I have the following which are fast and seem accurate when checked with a 100g calibration weight they were 0.24g out, so not to bad.

https://www.amazon.co.uk/KitchenTour-Digital-Kitchen-Scale-Multifunction/dp/B07D7P7MJJ

MWJB recommends the following which if he says they're good you can be assured they're good

https://www.amazon.co.uk/Professional-Digital-Pocket-Scale-Germany/dp/B00W3JSKGM/ref=mp_s_a_1_9?ie=UTF8&qid=1542908364&sr=8-9&pi=AC_SX236_SY340_QL65&keywords=dipse%2Bscale&th=1&psc=1


----------



## MWJB (Feb 28, 2012)

********** said:


> MWJB recommends the following which if he says they're good you can be assured they're good
> 
> https://www.amazon.co.uk/Professional-Digital-Pocket-Scale-Germany/dp/B00W3JSKGM/ref=mp_s_a_1_9?ie=UTF8&qid=1542908364&sr=8-9&pi=AC_SX236_SY340_QL65&keywords=dipse%2Bscale&th=1&psc=1


These are best if your PF & dose don't total more than 500g (like with the 54mm Sage parts).


----------



## Hasi (Dec 27, 2017)

MWJB said:


> These are best if your PF & dose don't total more than 500g (like with the 54mm Sage parts).

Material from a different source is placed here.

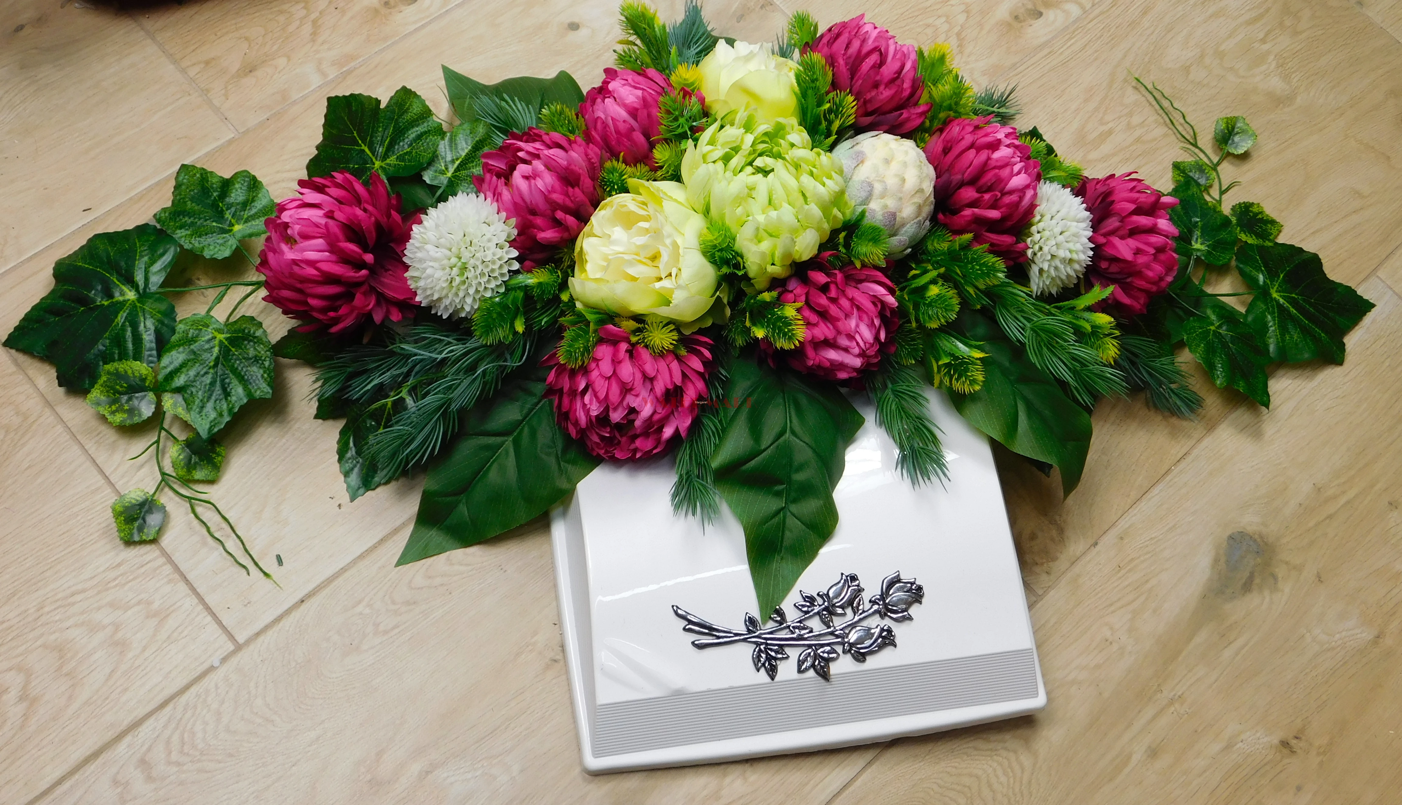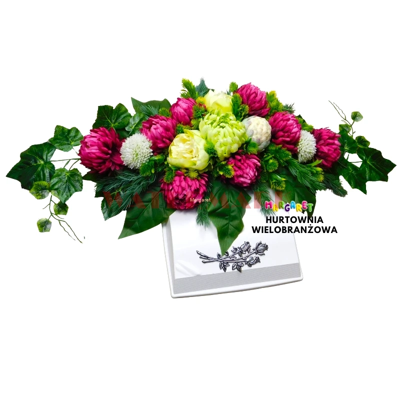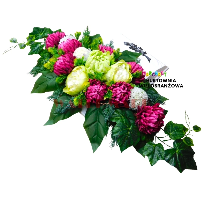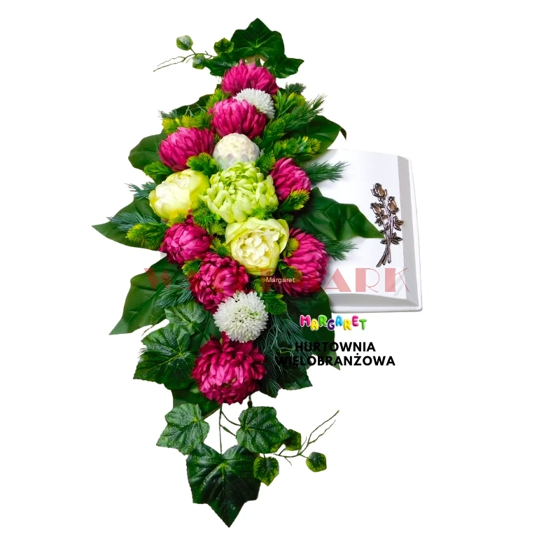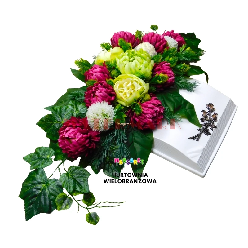 KOMPOZYCJA NAGROBNA BIAŁA KSIĄŻKA Z RÓŻOWYMI CHRYZANTEMAMI I LOTOSEM 100CM

Was just about to point that out.

I also have a similar set, a regular e61 PF has about 500g or more (depending on spouts or bottomless...). You can trick it by placing PF before switching it on.

A small Chemex usually takes it to its limits, as well. Here tricks won't work anymore.

And OP asked for integrated timer function


----------



## ATZ (Aug 4, 2017)

Hasi said:


> https://coffeegator.com/collections/featured/products/multifunction-coffee-brewing-scales


 @Hasi would they comfortably fit on a drip tray?


----------



## ajohn (Sep 23, 2017)

I bought a set of these. For my use they don't offer much over the usual scales and the tare button. I did check them over eg weighing a portafilter, tarring and adding £1 coins etc and they do seem to be pretty accurate. Rather than sending them back I decided to keep them as a spare.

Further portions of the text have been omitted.